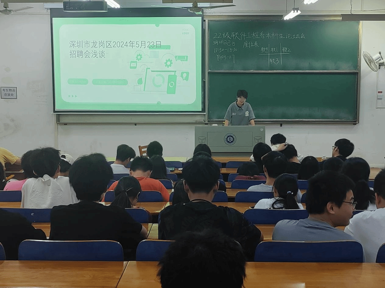 隨後,2022級軟件工程專業的代佳妙同學與同學們分享了她在深圳市龍崗招聘會上的經歷和感受。她第一时间介紹了幾家與我們相關專業相關的公司,包括他們的招聘要求和薪資待遇等情況。她指出,總體來說,本科生的薪資水平相對較低,而考研後的薪資待遇普遍較高。此外,她特彆強調了英語能力、口才和研讨能力以及綜合能力的重要性。最後,她為大家给予了一些新的思路,認為我們不一定非得從事程式設計師這個職業,還可以考慮公務員考試,或者選擇管理等其他職業道路。她以招聘會上的兩個培訓组织的招聘為例,鼓勵大家多方面關注就業信息,給自己更多的選擇機會。
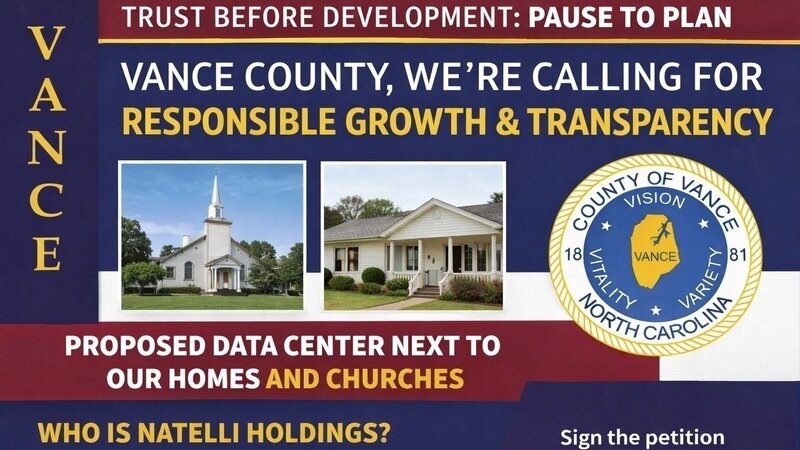 We, the undersigned residents of Vance County, respectfully demand an immediate one-year moratorium on all new and pending applications for data centers, including the proposed site located on Hwy 158 Business with an additional entrance on Poplar Creek Road in Henderson.
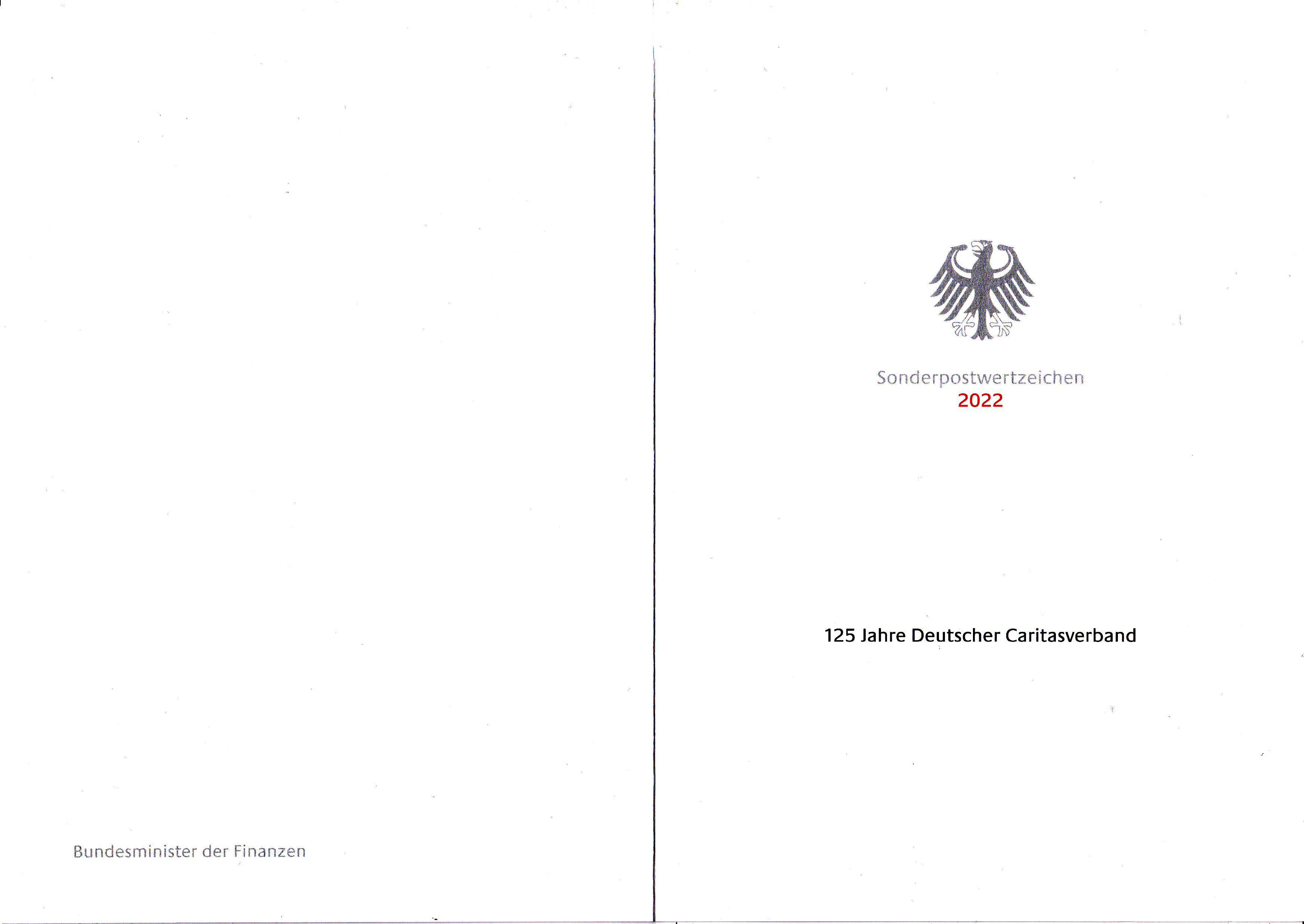 Ministerkarte des Bundesministers für Finanzen mit zwei Marken (MiNr 3726) "125 Jahre Deutscher Caritasverband" und den beiden Ersttagsonderstempel Bonn und Berlin.

*-*-*

* THE TASK
Set down the data again, exactly, without images.

* RESULT OF THE EXERCISE
 隨後,2022級軟件工程專業的代佳妙同學與同學們分享了她在深圳市龍崗招聘會上的經歷和感受。她第一时间介紹了幾家與我們相關專業相關的公司,包括他們的招聘要求和薪資待遇等情況。她指出,總體來說,本科生的薪資水平相對較低,而考研後的薪資待遇普遍較高。此外,她特彆強調了英語能力、口才和研讨能力以及綜合能力的重要性。最後,她為大家给予了一些新的思路,認為我們不一定非得從事程式設計師這個職業,還可以考慮公務員考試,或者選擇管理等其他職業道路。她以招聘會上的兩個培訓组织的招聘為例,鼓勵大家多方面關注就業信息,給自己更多的選擇機會。
 We, the undersigned residents of Vance County, respectfully demand an immediate one-year moratorium on all new and pending applications for data centers, including the proposed site located on Hwy 158 Business with an additional entrance on Poplar Creek Road in Henderson.
 Ministerkarte des Bundesministers für Finanzen mit zwei Marken (MiNr 3726) "125 Jahre Deutscher Caritasverband" und den beiden Ersttagsonderstempel Bonn und Berlin.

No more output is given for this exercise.